We start with the typical two and hear about Allison’s definition of codependency: ”putting out own feelings and our needs on the backburner. We typically want to appease other people and what they need…but at the end of the day, it helps us alleviate our own anxieties, we have self-worth, etc.” Allison spells out how it typically depends on the situation–thankfully–where we are codependent at certain times and situations but it’s not a global behavior.

Allison then describes aspects of her own codependency that began during her childhood. She recalls how, being first-gen, she had certain roles in her family where her parents were dependent on her and she gained esteem, worth, and love thanks to serving them.

While Allison shares, she also helps us by defining what “first gen,” “second gen,” and “intergenerational trauma,” mean.

We then hear about what codependency looks like in these children of immigrants and how it starts during childhood, develops in adolescence, and becomes exhausting as an adult.
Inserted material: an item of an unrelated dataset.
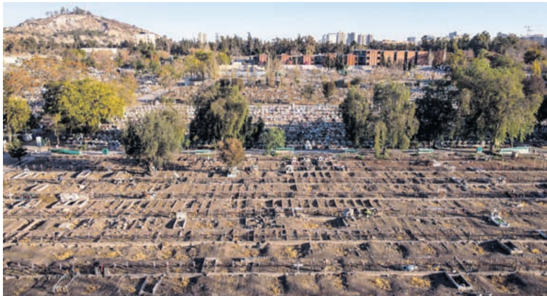
Freshly dug graves are readied at the General Cemetery amid the new coronavirus pandemic, in Santiago, Chile, Friday, May 15, 2020.

Often, they are stuck trying to discern which cultural expectations to honor: their parents’ culture, American culture, their local culture, etc.?

Allison home’s in on the fear of abandoning the family which comes up when children of immigrants are tasked with choosing which culture to adhere to. It’s overwhelming!

Where do we start then? With awareness, according to Allison. She discusses the benefits of therapy, of having a community, and finding ways to “not be so alone.”

Notice you have options, notice the lack of self-kindness, and then discern what is the next right step for you to take in self-kindness? Then you try to create compromise in your relationships so it is not all or nothing. There is compromise, a middle-ground, a gray area, a BALANCE.

Steps:
Be aware and kind
Go to therapy or find a community
Start to create boundaries

“I hope everyone remembers that it gets better. It’s a process.” Thanks for the reminder Allison!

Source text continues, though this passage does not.